In spring, the state etched out a plan to remove the large-scale sculpture because of its growing safety hazards: crumbling bricks and uneven floor pavers. It planned to replace the sculpture with a more eco-friendly rain garden -- with money allocated by the federal government for storm water projects.
But that plan drew strong criticism from Tacha and national arts preservation groups in July, boosting the sculpture’s profile and sliding it under the national press spotlight. For that attention, Tacha credits the work of the ArtPride, Preservation New Jersey and CLF foundations, and the help of friends such as the waterfront planning expert Ann Breen.
A July blog post in the Huffington Post arguing for New Jersey to keep Tacha’s sculpture earned 100,000 re-tweets, said Charles Birnbaum, author of the post and president of the Cultural Landscape Foundation (CLF) in Washington, D.C.
The effort to save the Green Acres sculpture from demolition drew together a wide range of people for a common cause, Birnbaum said. “What made people get so involved,” he said, “is that it crosses all these boundaries between art design and the environment.” Public works of art often “fall prey to the wrecking ball,” he said, calling the preservation of the Green Acres sculpture “a happy occasion.”
The state’s about-face decision was reached jointly by the DEP, the treasury, and the governor’s office, said Larry Ragonese, a spokesman for the DEP.

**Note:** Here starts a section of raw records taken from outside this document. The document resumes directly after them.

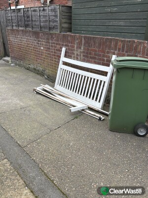 Bedframe down the alleyway between Gordon street and Jefferson street. Outside number 7 Jefferson street back gate
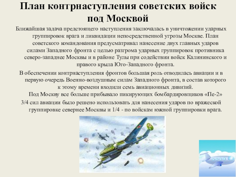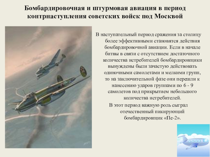Слайд 12Бомбардировочная и штурмовая авиация в период контрнаступления советских войск под Москвой
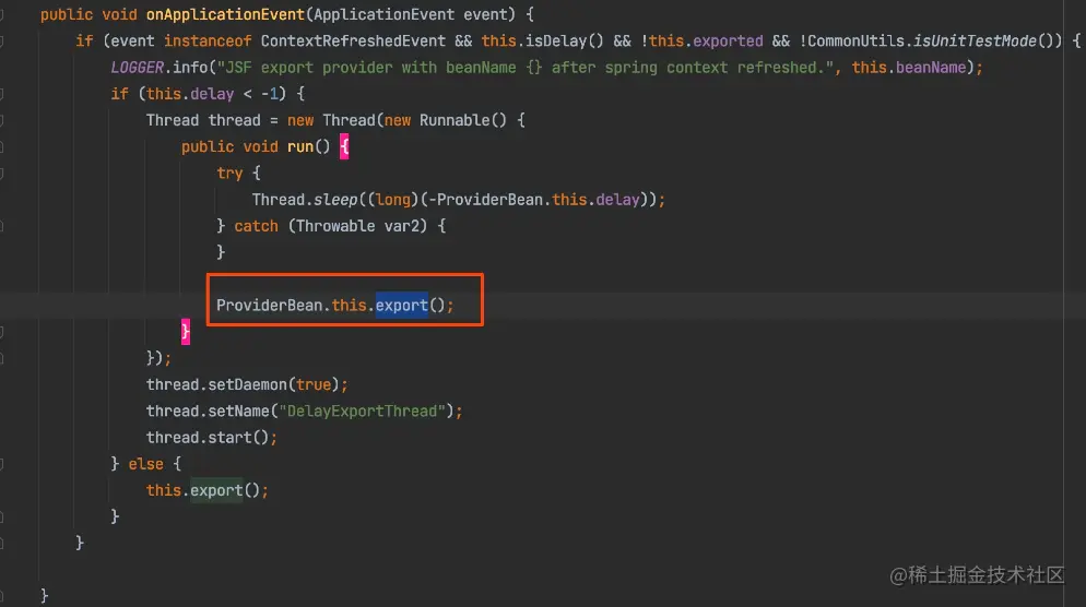 如下:bean类ProviderBean会监听上下文事件,并且当整个容器初始化完毕之后会调用export()方法进行服务的暴露。
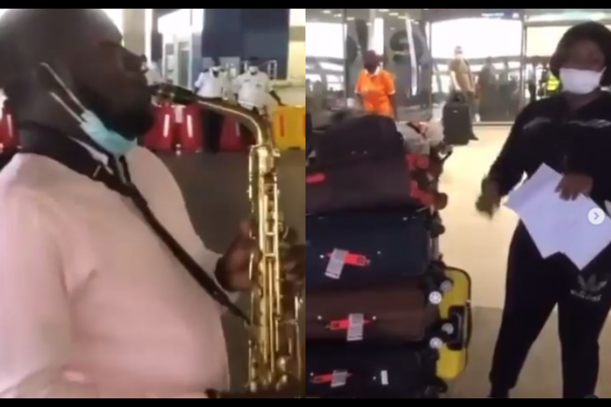 In videos posted to Instagram, the Saxophonist was seen playing the song as Tracey Boakye landed at the KIA from Turkey.
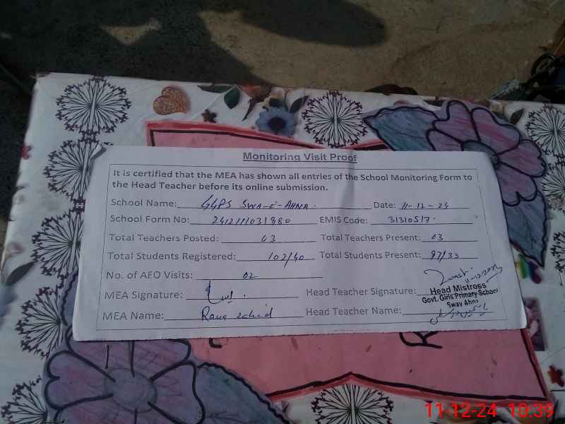 | EMIS Code: 31310517 | Name of School: GGPS SWA E AHNA | |||
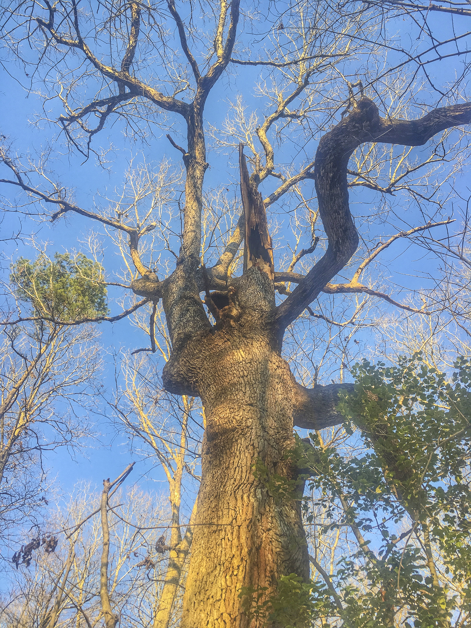 The far property boundary is marked by a nearby giant – a huge white oak that is the largest tree on our land. I like to think it is 250+ years old based on its huge size compared to other trees I had to cut after storm damage. One of those had 126 growth rings, and it was nowhere near the diameter of this behemoth. A huge limb broke out this winter, providing a sheltered hollow that I hope one day will be taken up by one of the resident owls. I can’t help but think that I am not the only creature in these woods fascinated by this giant.
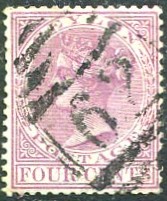 on 1883 QV 4c rosy-mauve CA wmk (SG.148).
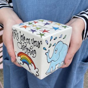 Personalised Large Cube Money Box- rainbow, elephant and scattered stars design
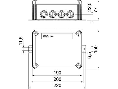 OBO BETTERMANN Odbočné krabice, T160 s násuvnými těsnicími průchodkami, 2 držák pojistek typ T160ED 10A2F

“We’re aware of what some people have written and said about it,” Ragonese said of the former plan. The DEP took into consideration the criticism voiced by Tacha and the arts preservation groups like the CLF, he said.
The state’s first move will be to fix the unsafe areas of the sculpture, Ragonese said, but it has not yet drafted further plans for the work.

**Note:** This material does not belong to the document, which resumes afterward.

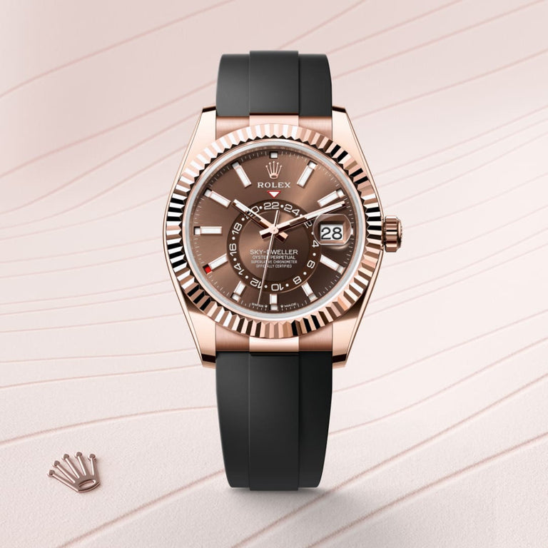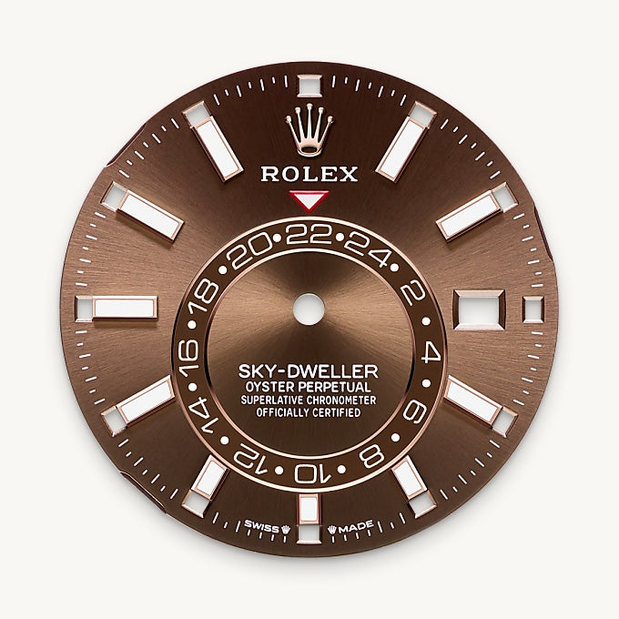 A fixed inverted red triangle on the dial points to the chosen reference time – the time at home or at the traveller’s usual workplace – on the off-centre 24-hour disc. At a glance, this 24-hour display clearly distinguishes daytime hours from night-time hours in the other time zone.
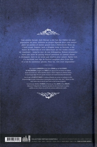 Des années durant, Jack Horner a été l'un des Fables les plus populaires du pays, utilisant sa propre légende pour s'en mettre plein les poches et mener grand train à Hollywood. Mais ça, c'était avant. Depuis, Jack a dilapidé toute sa fortune, a été banni de Fableville et ère sur les routes comme un vagabond... Jusqu'au jour de son kidnapping. Retenu prisonnier dans une sorte de goulag duquel personne n'a jamais réussi à s'échapper, Jack ne se laisse pas abattre pour autant. Après tout, il a escaladé une tige de haricot magique plus d'une fois et a tué de nombreux géants. Pour lui, rien n'est impossible ! Contenu : Jack of Fables - The Deluxe Edition Book One (#1-16). Plus inspiré d'Andersen et des frères Grimm que de Walt Disney, Bill Willingham a imaginé avec Fables une saga qui tint ses lecteurs en haleine durant plus de dix ans, mêlant batailles épiques, destins tragiques et relations intimes en une fresque digne des plus grands classique de la bande dessinée internationale. Avec le spin-off Jack of Fables, il continue d'étendre son univers en mettant en scène les personnages les plus irrévérencieux et provocateurs de la série-mère, Jack T. Horner en tête, aussi connu sous le nom de Jack Frost ou Jack le tueur de géants. Co-écrite avec Matthew Sturges et illustrée par Tony Atkins et Russ Braun, découvrez l'intégralité des cinquante épisodes de cette série haute en couleur publiée en trois volumes et enrichie de contenus additionnels inédits.

“We wanted something that looked good and was modern” to replace the current sculpture, Ragonese said. “But the sculpture is here right now and will remain.”
The sculpture is “site-specific,” meaning that Tacha designed it to fit in and respond with its surroundings at the DEP. Removing it, critics said, would destroy the sculpture and counteract its purpose.
The state commissioned the $417,000 construction of Tacha’s sculpture, completed in 1987. Tacha won a State Council on the Arts competition in 1985 for her design that honors New Jersey’s Green Acres land preservation program. The work is made of slate slabs surrounded by curving, tiered brick structures containing trees and shrubs. It is one of about 40 of Tacha’s public, large-scale sculptures in the United States.
Ann Marie Miller, the executive director of ArtPride New Jersey, called the state’s decision not to demolish the sculpture a “ good step in the right direction.” The work, she said, is an important piece of the state’s historical art.
When the phone rang with the news of the state’s turnaround on Friday, Tacha was in her studio working on another landscape sculpture. “Taking care of my past,” she said, “is not my only obligation. I still continue working very actively and very hard.”
But “it is wonderful,” she said of the preservation of the Green Acres sculpture, “because it is a real victory.”